A man who pleaded guilty to killing a Johns Hopkins University student during a burglary was sentenced to life in prison Monday, a punishment he said he deserved.
/ Source: The Associated Press

A man who pleaded guilty to murdering a Johns Hopkins University student during a burglary was sentenced to life in prison Monday, a punishment he said he deserved.

The crime shocked the prestigious university, where another student had been murdered nine months earlier, and led university officials to accelerate plans to improve security.

Donta M. Allen, who worked in restaurants near the university, pleaded guilty in November to first-degree murder in the strangulation death of Linda Trinh, 21. Allen, 28, killed Trinh in January 2005 in her off-campus apartment across the street from the university’s main campus, which is set near troubled neighborhoods.

Allen told Judge Roger Brown he was “very remorseful” and that he deserved the life sentence.

“I’m sorry for what I took away from you,” he said to the victim’s family.

Prosecutor Matthew Fraling, however, described the apology as “too little, too late,” pointing out that Allen preyed on Alpha Phi sorority sisters, repeatedly stealing from them. Allen dated one of Trinh’s sorority sisters and tended to hang around them, even though he was not a student.

Allen gave an incriminating statement to police, saying he intended to burglarize Trinh’s apartment while she wasn’t home. When he found her in the apartment, the two got into an argument, which became violent when she tried to call police. He also told police he had burglarized the apartment once before.

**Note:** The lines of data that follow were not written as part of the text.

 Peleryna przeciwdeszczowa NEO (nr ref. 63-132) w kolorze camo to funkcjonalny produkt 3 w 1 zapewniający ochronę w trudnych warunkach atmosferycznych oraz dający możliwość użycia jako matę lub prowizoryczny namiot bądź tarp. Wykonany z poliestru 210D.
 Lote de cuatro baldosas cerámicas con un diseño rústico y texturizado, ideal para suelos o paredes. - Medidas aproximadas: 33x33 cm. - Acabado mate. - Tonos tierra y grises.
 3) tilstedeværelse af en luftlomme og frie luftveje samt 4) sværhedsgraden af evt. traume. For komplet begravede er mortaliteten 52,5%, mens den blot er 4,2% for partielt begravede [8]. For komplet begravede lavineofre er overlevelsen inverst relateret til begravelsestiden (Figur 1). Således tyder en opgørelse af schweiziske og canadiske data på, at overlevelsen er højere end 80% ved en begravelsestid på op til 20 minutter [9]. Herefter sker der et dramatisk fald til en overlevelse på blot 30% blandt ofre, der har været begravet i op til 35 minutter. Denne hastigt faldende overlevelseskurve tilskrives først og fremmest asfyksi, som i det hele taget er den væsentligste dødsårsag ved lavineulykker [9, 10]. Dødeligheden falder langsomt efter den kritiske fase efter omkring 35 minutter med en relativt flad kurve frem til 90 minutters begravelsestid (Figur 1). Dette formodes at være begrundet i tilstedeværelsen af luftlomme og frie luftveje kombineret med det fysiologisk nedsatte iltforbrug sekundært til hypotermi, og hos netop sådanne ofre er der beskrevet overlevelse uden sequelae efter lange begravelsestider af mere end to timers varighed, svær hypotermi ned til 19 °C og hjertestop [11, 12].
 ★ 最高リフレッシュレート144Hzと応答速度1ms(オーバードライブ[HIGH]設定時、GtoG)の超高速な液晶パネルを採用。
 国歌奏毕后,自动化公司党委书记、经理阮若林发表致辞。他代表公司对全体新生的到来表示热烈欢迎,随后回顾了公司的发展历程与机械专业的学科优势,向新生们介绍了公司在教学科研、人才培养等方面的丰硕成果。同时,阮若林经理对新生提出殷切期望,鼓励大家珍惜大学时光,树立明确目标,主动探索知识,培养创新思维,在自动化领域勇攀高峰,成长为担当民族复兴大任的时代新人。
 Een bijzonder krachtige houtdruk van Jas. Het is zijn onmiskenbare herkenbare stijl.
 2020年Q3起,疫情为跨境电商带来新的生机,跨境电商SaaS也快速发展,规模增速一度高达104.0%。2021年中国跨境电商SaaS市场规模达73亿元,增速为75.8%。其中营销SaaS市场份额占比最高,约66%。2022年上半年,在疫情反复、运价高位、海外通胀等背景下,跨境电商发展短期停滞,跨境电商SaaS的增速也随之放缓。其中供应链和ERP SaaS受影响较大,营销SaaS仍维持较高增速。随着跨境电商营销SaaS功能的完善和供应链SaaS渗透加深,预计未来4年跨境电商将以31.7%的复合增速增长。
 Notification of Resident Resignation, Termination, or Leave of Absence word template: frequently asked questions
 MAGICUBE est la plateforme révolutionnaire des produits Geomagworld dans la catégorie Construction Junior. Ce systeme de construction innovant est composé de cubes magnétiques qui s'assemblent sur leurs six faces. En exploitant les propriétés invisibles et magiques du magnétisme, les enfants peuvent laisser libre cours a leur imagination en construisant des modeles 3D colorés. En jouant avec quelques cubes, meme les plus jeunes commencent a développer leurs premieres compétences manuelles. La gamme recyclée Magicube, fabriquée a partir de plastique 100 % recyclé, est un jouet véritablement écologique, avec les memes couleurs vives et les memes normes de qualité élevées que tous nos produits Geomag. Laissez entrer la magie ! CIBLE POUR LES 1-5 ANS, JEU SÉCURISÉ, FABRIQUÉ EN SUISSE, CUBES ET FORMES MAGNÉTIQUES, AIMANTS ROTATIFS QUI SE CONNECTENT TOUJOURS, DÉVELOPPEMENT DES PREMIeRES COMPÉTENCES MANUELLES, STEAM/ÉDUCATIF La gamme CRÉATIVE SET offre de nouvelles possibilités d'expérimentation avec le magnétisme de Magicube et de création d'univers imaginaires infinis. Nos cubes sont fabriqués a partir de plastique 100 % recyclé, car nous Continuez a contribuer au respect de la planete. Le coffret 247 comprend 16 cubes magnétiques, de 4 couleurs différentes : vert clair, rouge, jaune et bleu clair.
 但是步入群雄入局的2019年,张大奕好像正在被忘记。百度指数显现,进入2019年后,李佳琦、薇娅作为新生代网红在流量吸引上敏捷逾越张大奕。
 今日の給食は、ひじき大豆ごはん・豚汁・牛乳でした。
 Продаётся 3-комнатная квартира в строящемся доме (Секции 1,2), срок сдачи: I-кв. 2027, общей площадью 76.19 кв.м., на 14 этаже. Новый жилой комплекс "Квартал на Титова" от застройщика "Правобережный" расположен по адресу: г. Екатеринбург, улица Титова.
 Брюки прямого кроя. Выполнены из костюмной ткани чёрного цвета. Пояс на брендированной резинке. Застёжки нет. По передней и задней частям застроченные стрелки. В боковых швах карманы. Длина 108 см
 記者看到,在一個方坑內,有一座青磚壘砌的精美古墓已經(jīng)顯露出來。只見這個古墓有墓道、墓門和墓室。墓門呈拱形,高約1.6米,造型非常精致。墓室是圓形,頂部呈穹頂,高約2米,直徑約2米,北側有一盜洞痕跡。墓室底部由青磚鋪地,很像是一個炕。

Police had DNA evidence linking Allen to the crime from tissue found under Trinh’s fingernails.

Trinh was found face-down in her bathtub in about two inches of water. She had been asphyxiated by strangulation. She had contusions on her neck and bruises on her arms and legs.

The murder prompted Johns Hopkins to speed up plans to increase security on campus with increased patrols and additional cameras.

The effort to improve security began after the other student, Chris Elser, was killed in April 2004. He was stabbed in what police have described as a random act of violence by an intruder in an apartment about six blocks from Trinh’s apartment. No one has been arrested in the Elser case.